La sensibilità manifestata su tali temi da Te e dall’Ordine, merita tutto il nostro pubblico apprezzamento.

Riteniamo, tuttavia, che vada fatto di più. Da più parti ci giungono segnalazioni, ripetute e non isolate, che confermano come il praticantato venga visto più come un facile strumento per reperire manodopera a costo zero per mansioni di pura segreteria, piuttosto che come un tirocinio qualificato in cui il dominus mette a disposizione le sue conoscenze e la sua esperienza al fine di formare i futuri professionisti.

Tali segnalazioni – voglio ribadirlo – costituiscono non casi sparuti bensì quantitativamente elevati e, forse anche per la nostra età anagrafica che ci consente una maggiore ‘vicinanza’ alla categoria dei praticanti, sia io personalmente che gli altri membri del mio Direttivo non possiamo che prendere atto di una situazione diffusa, anche se spesso le denunce raccolte non vengono portate all’attenzione del Consiglio per timore, paura, o mancata conoscenza dei meccanismi istituzionali.

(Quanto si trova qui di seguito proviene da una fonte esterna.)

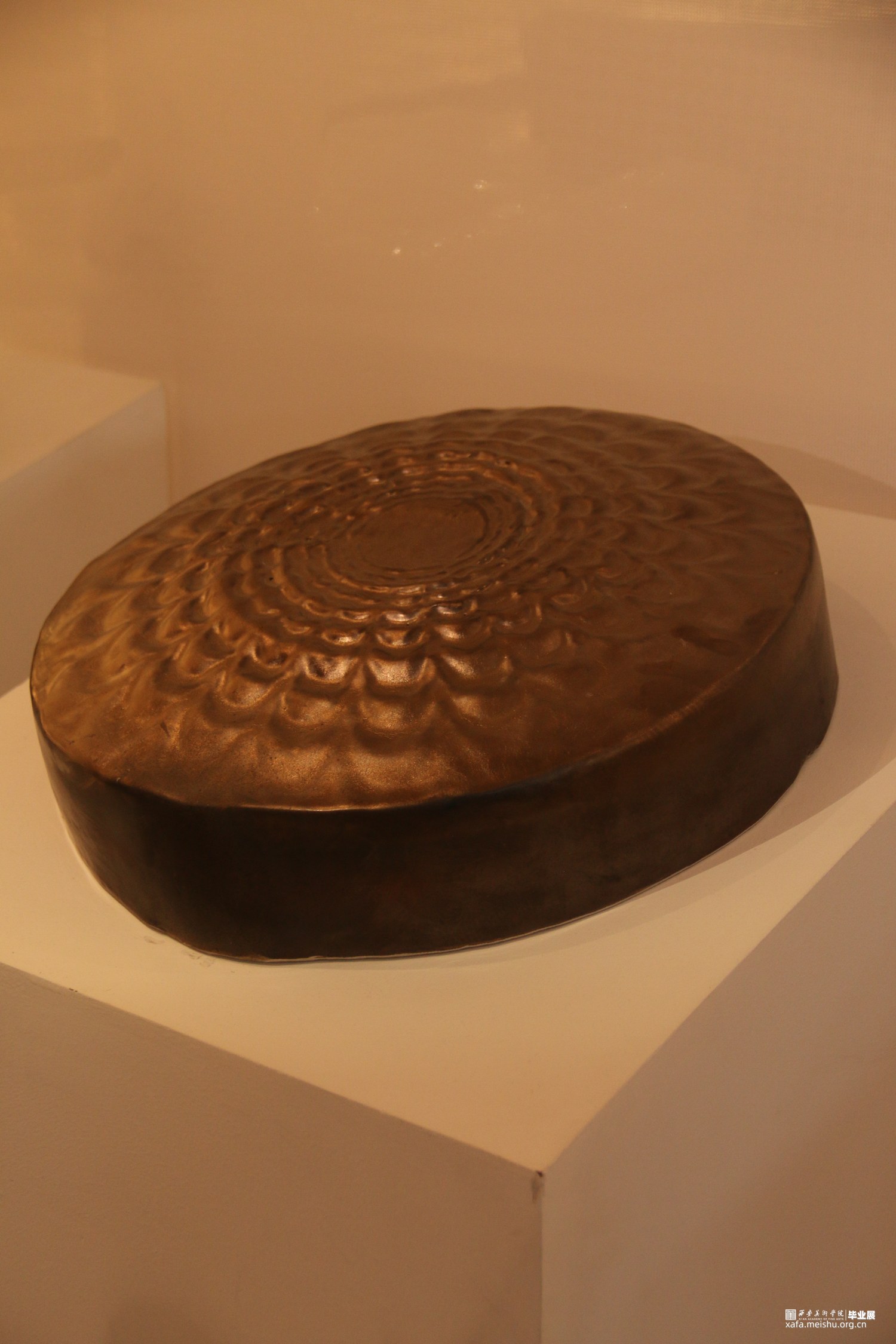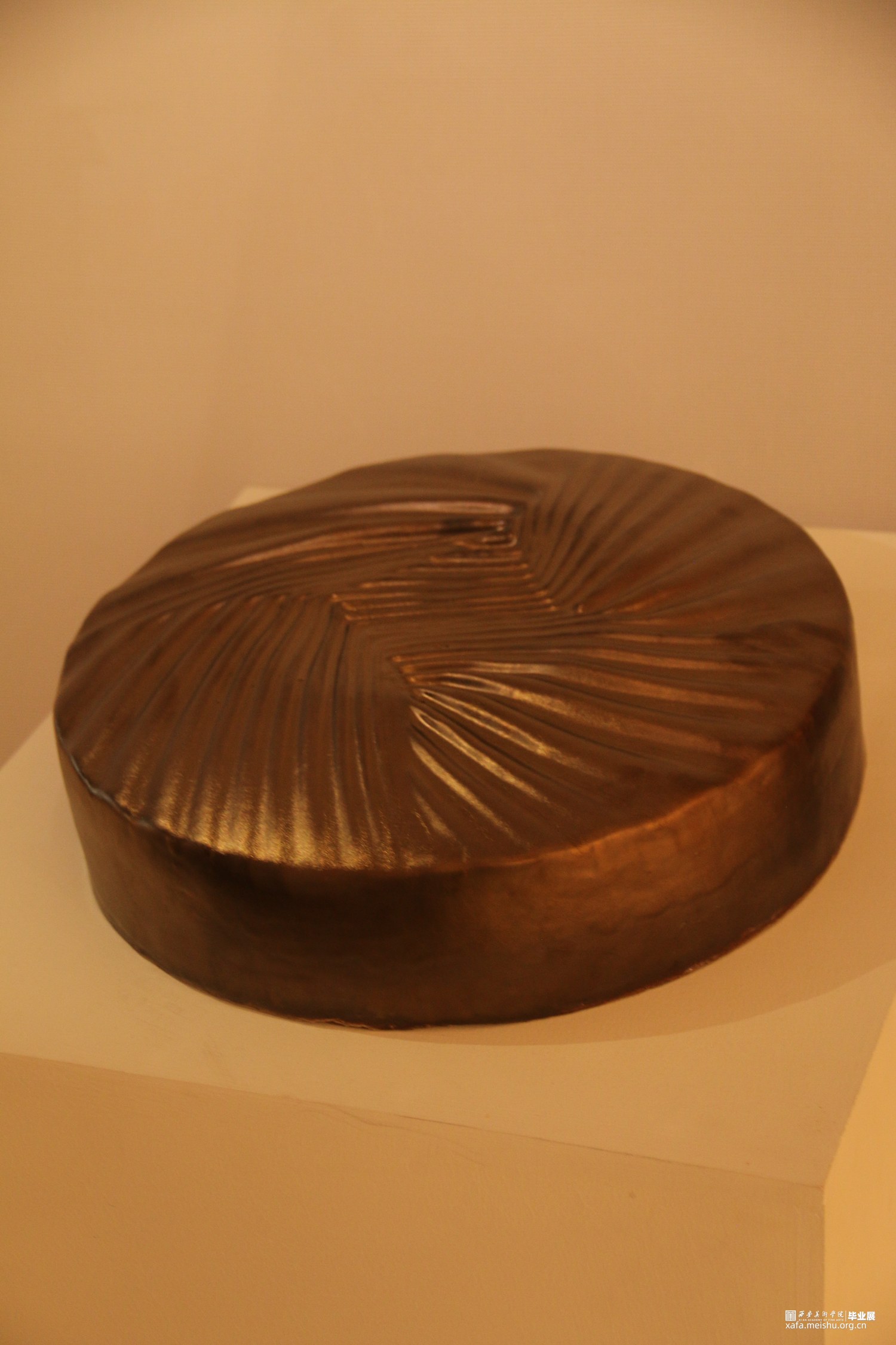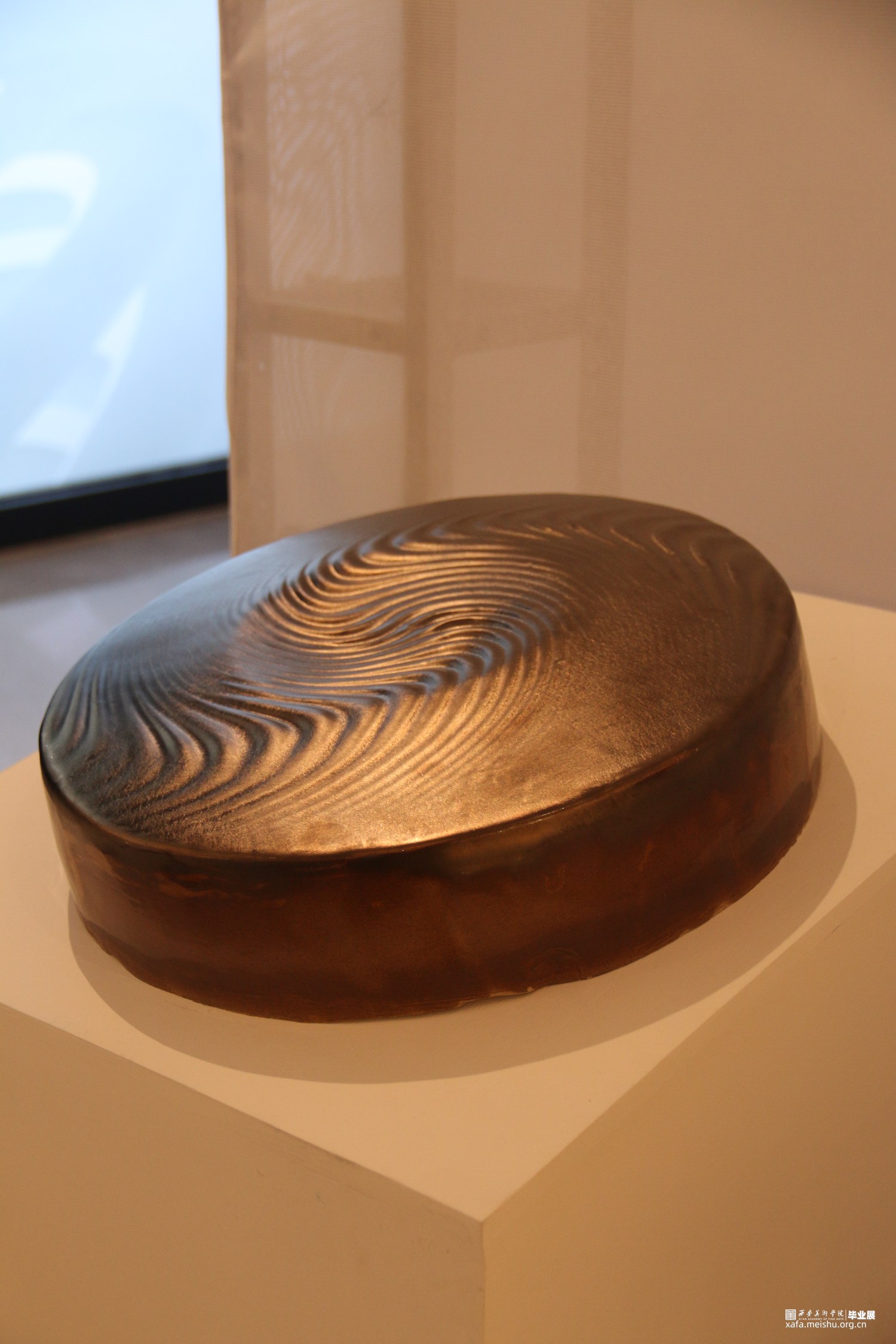 这是一组兼具观念性、艺术性和工艺严谨性的陶瓷艺术作品,通过对中国传统乐器“锣”的当代性转换,展现出独特的艺术价值。在设计中采用创新的理念和表达方式,突破了传统乐器“锣”的形态与材质界限;将“锣”的形态、纹样和声音转换为现当代陶艺的语言呈现出来,赋予了作品更加抽象和象征性的意义,具有较强的观念性。这种观念性的转换不仅仅是传统乐器的再现,更是对声音与陶瓷艺术之间关系的思考和诠释。同时,精湛的陶瓷技艺、严谨的细节刻画与釉色装饰,使之与传统乐器“锣”的金属材质相呼应,增强了作品的纹理、质感和艺术效果。这种当代性的

La prassi purtroppo seguita da una parte dei Colleghi del foro è, da un lato, pretendere dai praticanti una disponibilità oraria corrispondente all’intera giornata di lavoro, con obbligo di concordare con il dominus ogni minima attività personale al di fuori dello studio.

Dall’altro lato, molto spesso non viene rifuso nemmeno il rimborso spese di cui all’art. 41 comma 11 Legge Professionale che, a nostro avviso, dovrebbe comprendere quantomeno il rimborso delle spese di trasporto da e verso lo studio legale, nonché ovviamente le spese sostenute per recarsi presso gli uffici giudiziari per svolgere le attività di studio. Ancor meno, e anche ben oltre il primo semestre di pratica, il dominus corrisponde al praticante quella ‘indennità o compenso per l’attività svolta per conto dello studio, commisurati all’effettivo apporto professionale dato nell’esercizio delle prestazioni e tenuto altresì conto dell’utilizzo dei servizi e delle strutture dello studio da parte del praticante avvocato’, previsti dalla medesima norma sopra citata.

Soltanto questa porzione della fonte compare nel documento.